Mobile Guide
In this chapter we will discuss the proper ways to use a mobile device. Keep in mind mobile devices ARE NOT RECOMMENDED In terms of OpSec they are the lowest, and should only be used in extreme circumstances. You are still always safer using a operating system like Tails, or Whonix. PGP, XMR, and other basic tools are all still needed which you will have to setup yourself. There is currently not any chapters written for using them.
What is GrapheneOS?
For this guide we will be using Grapthene OS. GrapheneOS is a mobile OS focused on privacy and security, with an Android app compatibility layer. Its primarily focused on the research and development of privacy and security technologies. These technologies include sandboxing, exploit mitigation, and a permission model.
How does GrapheneOS work?
Graphene improves security and privacy from the ground up by deploying various technologies to mitigate entire classes of vulnerabilities. This makes exploiting common sources of vulnerabilities more difficult and less sustainable. These improvements better the security of the operating system and apps running on it.

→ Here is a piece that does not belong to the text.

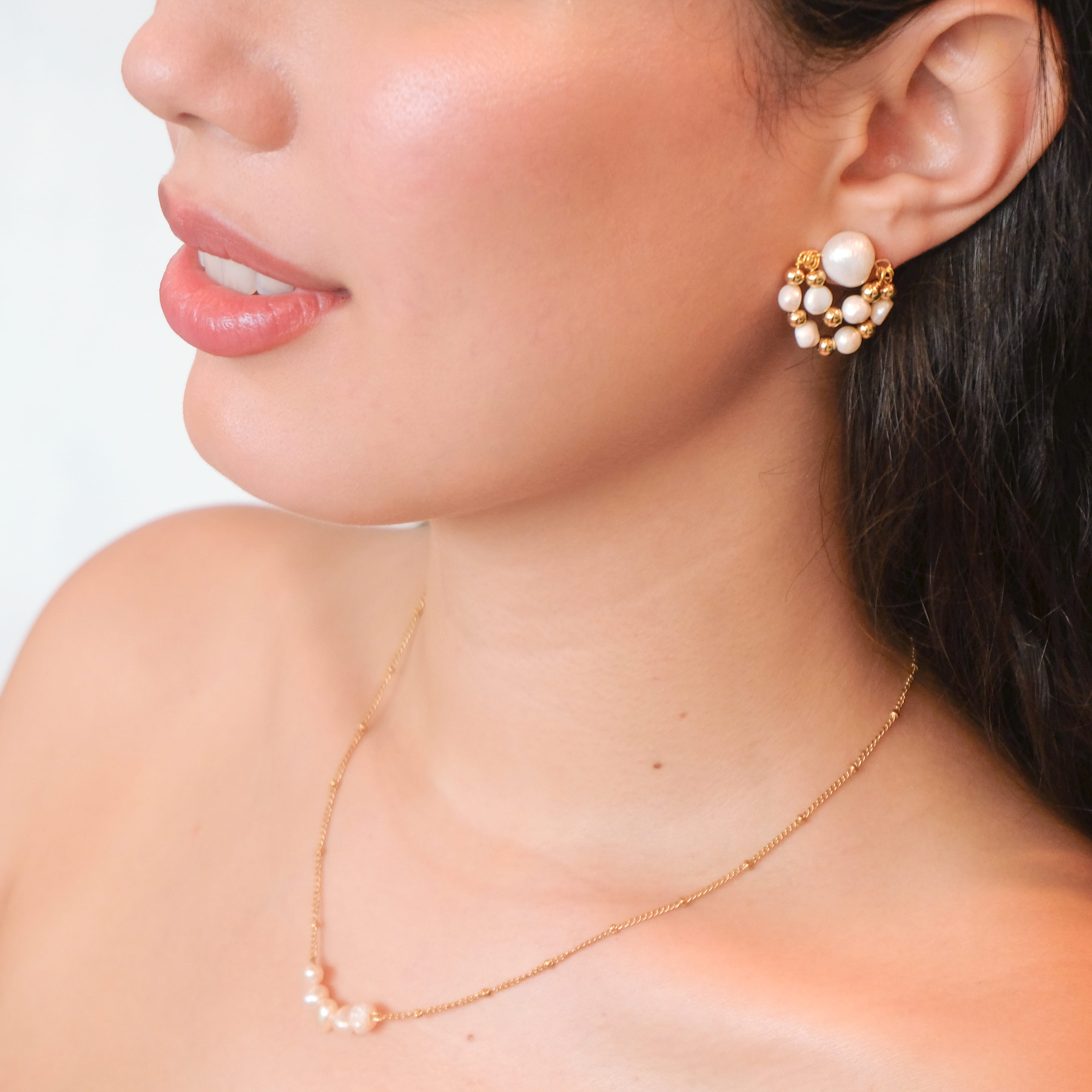 Handmade baroque pearl earringsComponentsstainless steel gold-plated hardwaresouth sea pearlsDimensions1 inch in lengthLightweightDue to the handmade nature of our earrings, lengths and sizes may vary but very minimal. Note: Pearls are baroque- naturally irregularly shaped and may not exactly match as a pair. Expect differences in shape, texture, coloration and size.
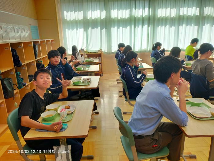 今週2日(水)は別海高校からインターンシップとして本校の卒業生でもある1名が来校し、授業参観や2年教室に給食に入り、生徒交流をして1日を過ごしました。

The system will also never ship with any google apps or services to further increase security.
How can I run GrapheneOS?
Graphene is exclusively built for Google Pixel devices, however many other devices are supported at a source level and can be built for them without modifications to the existing GrapheneOS source tree. Most cases beyond that will require substancial work to reach the same standards; For most devices hardware and firmware will prevent providing a reasonably secure device regardless of work put into device support. At the time of writing the following devices are officially supported.
Supported Devices
- Pixel 7 Pro (cheetah) — experimental
- Pixel 7 (panther) — experimental
- Pixel 6a (bluejay)
- Pixel 6 Pro (raven)
- Pixel 6 (oriole)
- Pixel 5a (barbet)
- Pixel 5 (redfin)
- Pixel 4a (5G) (bramble)
- Pixel 4a (sunfish)
- Pixel 4 XL (coral)
- Pixel 4 (flame)
What makes GrapheneOS secure?
Security and privacy are deeply rooted in the foundations of the Graphene operating system. Completely de-googled and de-bloated, Graphene takes advantage of all existing android security features with numerous additions on top. Disk encryption, clipboard security, hardware identifier protection, IOMMU baseband isolation, and a system integrated firewall with custom rulings keep Graphene protected from adversaries.